Избранное - Бела Иллеш
Шрифт:
Интервал:
Закладка:
— Пойдемте, господин директор! С ними разговаривать нужно не нам, а жандармам.
Но Кэбль не хотел ничего видеть и слышать.
— Я вас всех повешу, сволочь, клянусь, повешу!..
Дальше директор говорить не смог. Сверху, с веток дерева, на его левое плечо упал тяжелый молоток. Если бы он упал чуточку правее, то безусловно разбил бы ему голову, но он только раздробил ему плечо.
Рабочие — люди добрые. Увидев несчастье с директором, они бросили работу и стали быстро сколачивать носилки из дубовых веток. Беснующегося от боли раненого привязали ремнями к носилкам и понесли домой в Пемете. В знак сочувствия директора провожали до дому около трехсот лесных рабочих.

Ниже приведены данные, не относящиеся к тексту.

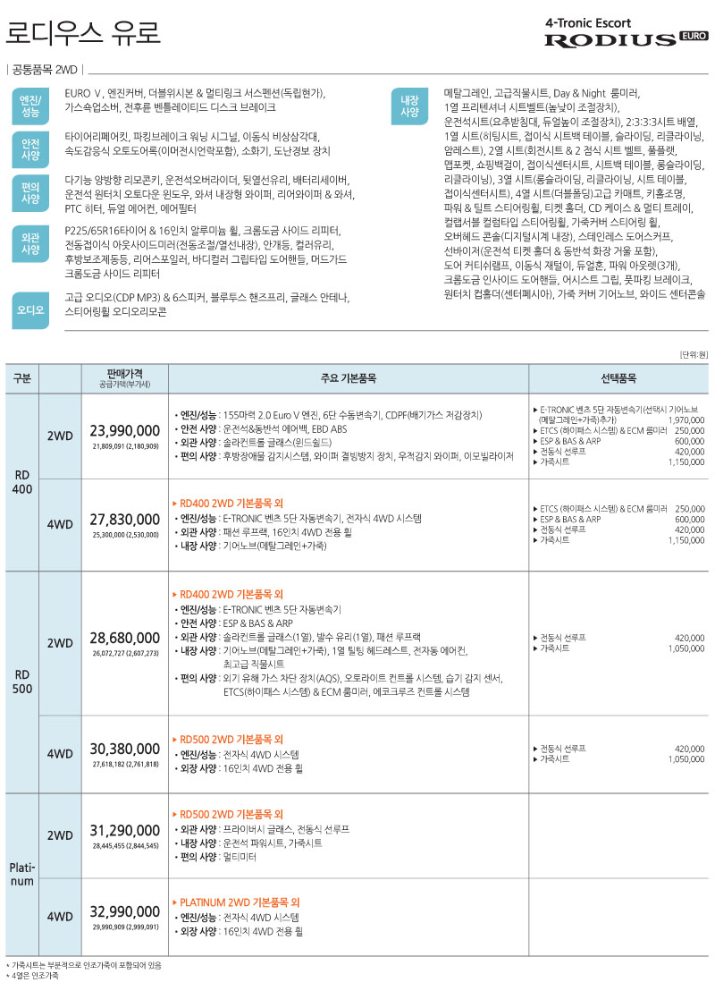 ※ 본 가격표의 모든 저작권은 해당 차량 제조사에 있습니다.
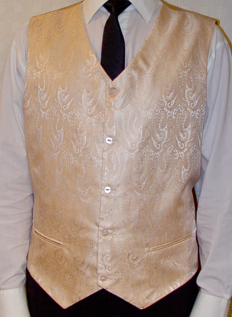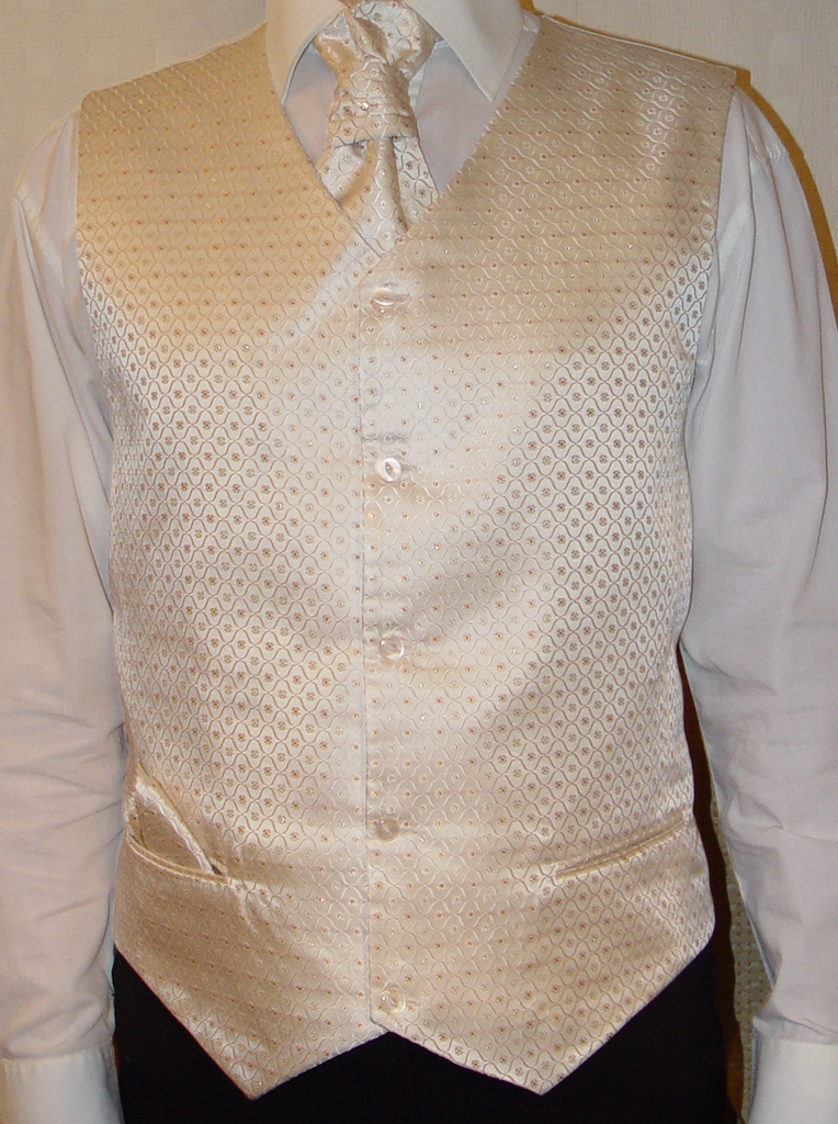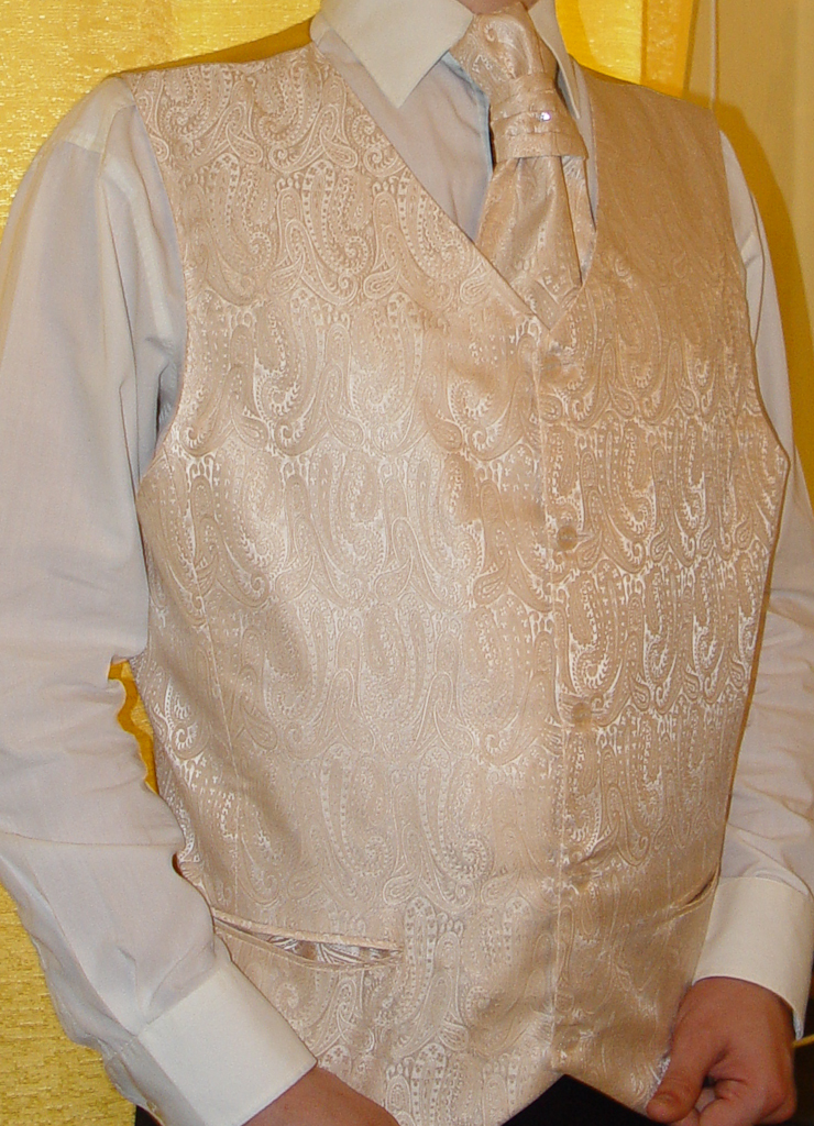 Жилет мужской, текстура бежевые «огурцы», галстук «Торжество» Жилет мужской, текстура бежевые «огурцы», галстук «Селёдочка»

Известие о несчастном случае вызвало такое волнение среди работающих на заводе, что в течение трех часов они не могли заниматься ничем другим, кроме обсуждения этого случая, и машины вертелись вхолостую.
На другой день в Пемете приехал главный начальник марамарош-сигетской полиции, Михай Кеменеш, тот, самый Кеменеш, фамилию которого несколькими годами позже, в связи с великим русинским процессом, повторяла вся мировая пресса. Кеменеш арестовал Хозелица и — просто наугад — еще пятнадцать лесных рабочих: пять евреев и десять русин.
Хозелиц ссылался на инженера Темеши, который знает, что, когда случилось несчастье, он, Хозелиц, стоял внизу, рядом с директором, так что никак не мог бросить сверху молоток. Темеши действительно удостоверил это. Кроме Темеши, в качестве свидетелей предложили дать показания двести семнадцать лесных рабочих. Кеменеш допросил десять свидетелей, носящих венгерские фамилии и говорящих по-венгерски, арестовал всех десятерых, потом уехал обратно в Марамарош-Сигет. Все десять единодушно показали, что в тот момент, когда произошло несчастье, Хозелиц вовсе не находился в лесу. Все готовы были подтвердить под присягой, что Хозелиц — самый набожный человек во всем Пемете, что он каждый день молится за жизнь короля и постоянно напоминает рабочим, что за свой насущный хлеб они должны быть вечно благодарны господину директору завода.
Дознанием было установлено только то, что молоток был из заводских мастерских, откуда он исчез два месяца тому назад. Кто его оттуда украл? Этого полиция не в состоянии была выяснить, равно как и то, кем он был сброшен на Кэбля.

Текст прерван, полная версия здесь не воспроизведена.